OCJ: Some might consider me famous for my low hang height, others perhaps find it problematic or irritating, but I like the connection to the earth, to the floor. The floor is better as a point of orientation, for me, than the ceiling. The height will always be there. This grounding offers a clear sense of definition and communicates with the architecture.
AG: Interesting, so your magic line embraces a certain force of gravity, pulling us down?
OCJ: It offers a kind of stability. I think the resulting balance sits very well – you feel it.
AG: Absolutely, you can feel that careful balance in the positioning of the drawings on the wall.
OCJ: Things aren’t drifting away. I like this sense of calm. It can be a delicate balance, but it must be in balance.
AG: I wanted to return to something we touched on when we first met today. You explained that earlier in your career, you divided your time between Berlin and Sweden, but you now spend the majority of your time in Lya and your studio is there, while some of your close family live in Berlin. I’m curious how much place and architecture contribute to your working environment. Certainly, the signposts you make in your private life for particular occasions, and which you’ve made for this exhibition, allude to how important a sense of place is to you.
OCJ: I used to have studios in both Berlin and Sweden that were essentially the same. I wanted to have two very similar studios and be able to move between them. It meant nothing if I was in Berlin or in Lya because I was always in the studio. But of course, it also has something to do with Berlin itself, though Berlin means something else to me now; it has not remained the same in the 43 years I have been living there.
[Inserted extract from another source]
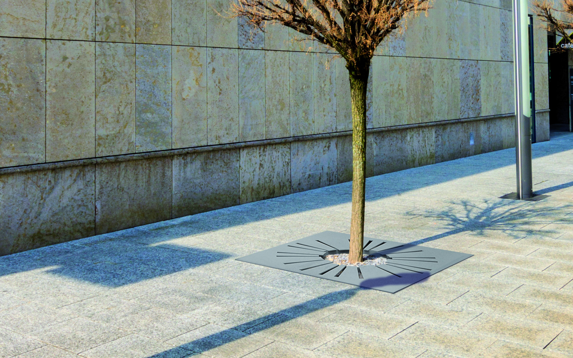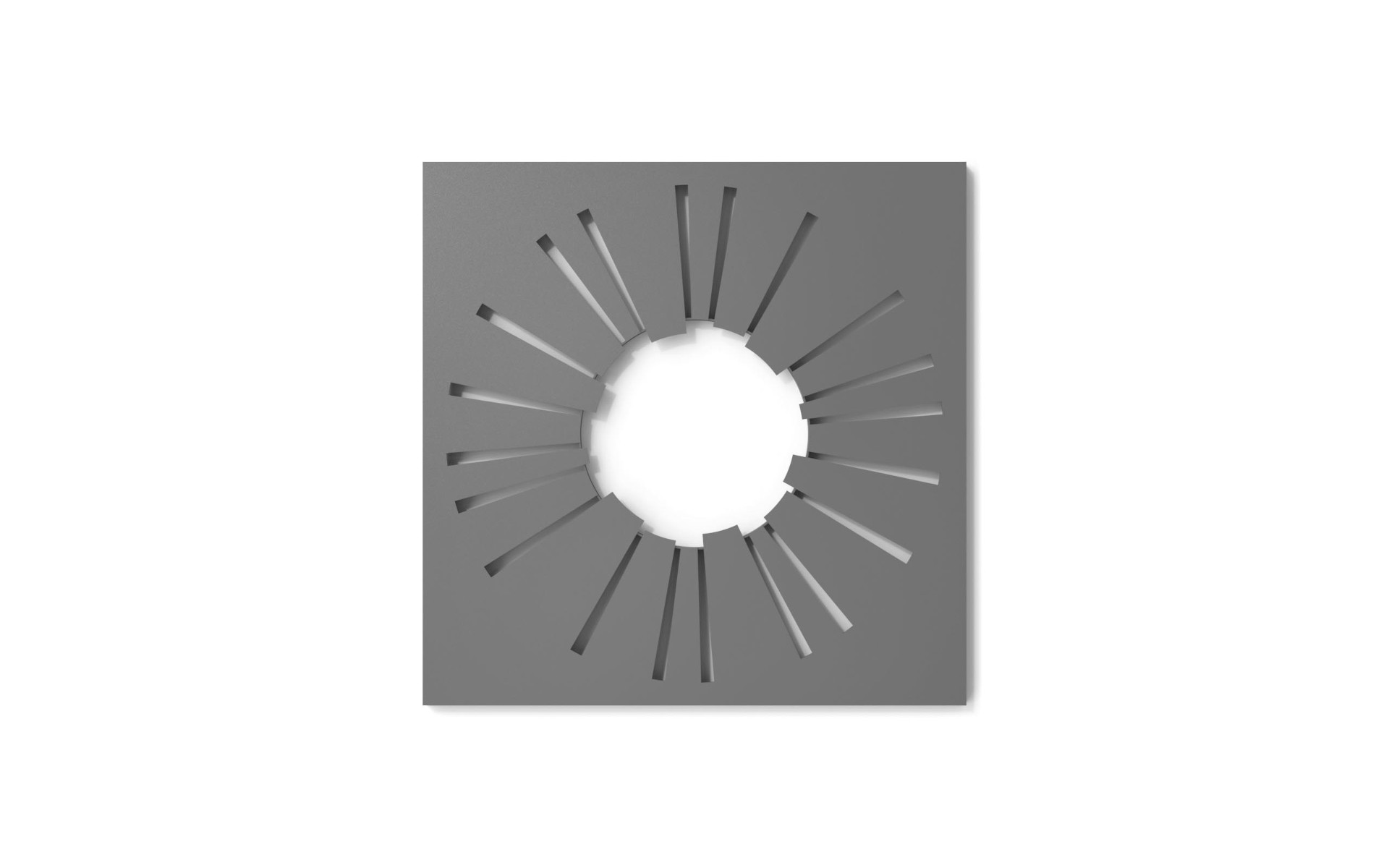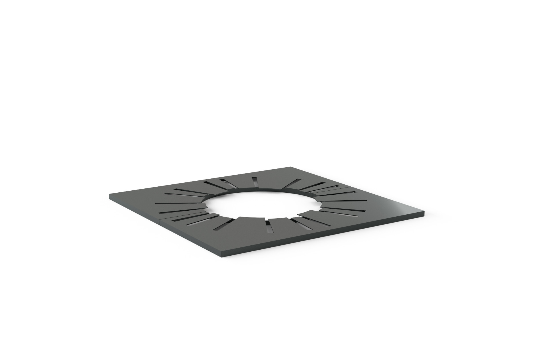 Square-shaped plant protector with a circular hole, made from laser-cut steel plate with geometric patterns. It consists of two halves, designed to be fixed together with screws, and reinforced internally and around the perimeter with steel plate. Available in various versions, with different sizes and/or hole diameters. Can be accessorized with a counterframe.

AG: It’s not the same city.
OCJ: It’s not the same city, and the city doesn’t need me anymore. Actually, maybe now they really need me! There are so many new demands on the city. Berlin was wonderful when it was a city without money, but now it is changing and living there is different.
AG: It’s always the story.
OCJ: Always the story! People often don’t learn from history, so the same things happen again and again.
AG: I also wanted to ask you specifically about the wonderfully playful signs you make, which are so joyful and so distinct from other aspects of our practice. You are showing a series of signs in this exhibition for the first time. I’m struck that they offer a very different means of communication.
OCJ: Yes, the signs have never been activated through my art. They have always been a family thing; if there was a celebration, a sign was needed. I have made many, many signs and posters in my life, as a means of illustrating what is happening. Since there have been many joyful situations, there have been many joyful signs. They also appear in the studio as a welcome to visitors or an announcement that a new series is underway.
AG: Do you keep and archive them?
OCJ: Yes, I do keep them as an archive.
AG: It is such an illustrative form of communication, so different to the other facets of your work in painting and sculpture.
OCJ: But I have always been interested in typography. Books, too, have always been a part of my activity.
AG: Of course, you have often used words in your paintings – the meaning of which may not matter, but rather the look or sound or feeling. I suppose words each have their own certain value and sensation.
OCJ: Yes, but I don’t use language as a new means of understanding; it is without ambition in that sense.
AG: There is no conceptual rigour behind words for you?
OCJ: No, though titles are always important for me as a means of connection. There is always something that exists between me and the painting, me and the work, and some kind of written understanding. When I write a word, a title, and it looks good on the page, then I trust it.
AG: All of the sculptures featured in this show are called Gloria. How does that name relate to the works?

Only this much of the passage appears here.